Kepala Seksi Perencanaan Pertamanan Dinas Pertamanan dan Hutan Kota Jakarta Hendrianto mengatakan, dinasnya mengelola 4 persen lebih dari total seluruh 7 persen lebih ruang terbuka hijau publik yang terverifikasi. Sementara merujuk data Institut Pertanian Bogor (IPB University), tutupan hijau Jakarta ada di angka 15 persen atau butuh 15 persen lagi supaya memenuhi amanat 30 persen sesuai undang-undang.
”Pekerjaan berat yang harus dipenuhi. Untuk 1 persen saja, butuh lahan seluas 650 hektar. Saat ini pembelian lahan hanya cukup 12,3 hektar per tahun, berat dan butuh kolaborasi,” ucapnya.
Salah satu pekerjaan rumah itu ialah menghadirkan taman kota yang lengkap seperti Tebet Eco Park. Taman seluas 7,3 hektar di Jakarta Selatan tersebut cukup memenuhi kebutuhan ruang 20 meter persegi per orang meskipun nyatanya pengunjung membeludak lantaran dahaga ruang terbuka hijau.
Hendrianto mengatakan, Tebet Eco Park dikunjungi sampai 60.000 warga pada hari biasa. Rencananya jumlah pengunjung dibatasi 10.000 orang per hari, terdata secara daring, dan harga tarif parkir per jam.
”Kami perbaiki dengan pendekatan NbS. Selain mengembangkan taman yang sudah ada, mengintegrasikan RPTRA dengan taman maju bersama,” ujarnya.
Dinas Pertamanan dan Hutan Kota Jakarta dan WRI Indonesia juga tengah mendata pepohonan yang ada di Ibu Kota. Selain sebagai basis data, pendataan untuk kebijakan yang lebih ketat.
NbS
NbS merupakan pendekatan untuk melindungi, mengelola secara berkelanjutan, dan memulihkan ekosistem alami atau yang dimodifiiasi untuk mengatasi tantangan masyarakat secara efektif dan adaptif, sekaligus bermanfaat bagi kesejahteraan warga dan keanekaragaman hayati.

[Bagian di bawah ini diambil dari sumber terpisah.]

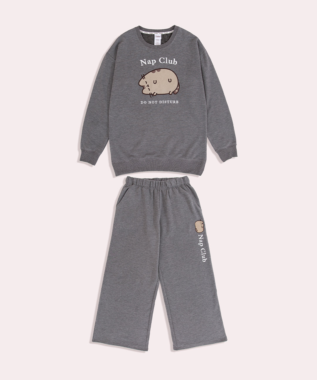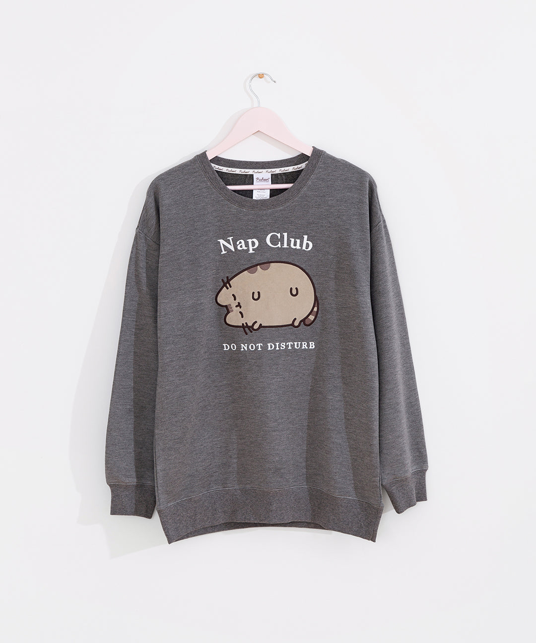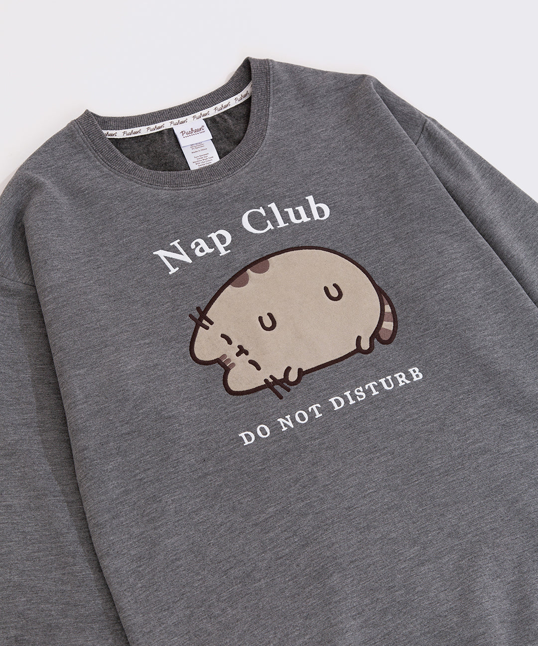 - Pullover loungewear top features embroidered phrases "Nap Club" and "Do Not Disturb" with Pusheen incorporating soft flocking and embroidered detailing on the chest.

WRI Indonesia atau Yayasan Institut Sumber Daya Dunia merupakan lembaga penelitian independen yang bertujuan mewujudkan gagasan besar menjadi aksi nyata menciptakan keseimbangan antara perlindungan lingkungan, pertumbuhan ekonomi, dan kesejahteraan manusia.
Ahli hidrologi WRI Indonesia, Yudhistira Satya Pribadi, mengatakan, pendekatan NbS melibatkan berbagai fungsi alam, seperti intersepsi air hujan melalui vegetasi, peningkatan infiltrasi air ke dalam tanah untuk meningkatkan kapasitas tampung air hujan, ataupun memperlambat laju aliran air untuk mengurangi laju erosi.
”Pendekatan NbS adaptif karena implementasinya dapat dilakukan secara penuh melalui pendekatan restorasi alami dan infrastruktur ramah lingkungan atau implementasi hybrid,” ucapnya.
Pada skala terkecil, implementasi hybrid dapat berupa pembuatan lubang resapan biopori, vegetasi di atap, dan wadah penampungan air hujan. Sementara skala lebih besar berupa ruang terbuka hijau multifungsi sebagai kolam resapan air, sistem parit bervegetasi dan menyaring polutan dari air hujan sebelum masuk ke dalam drainase.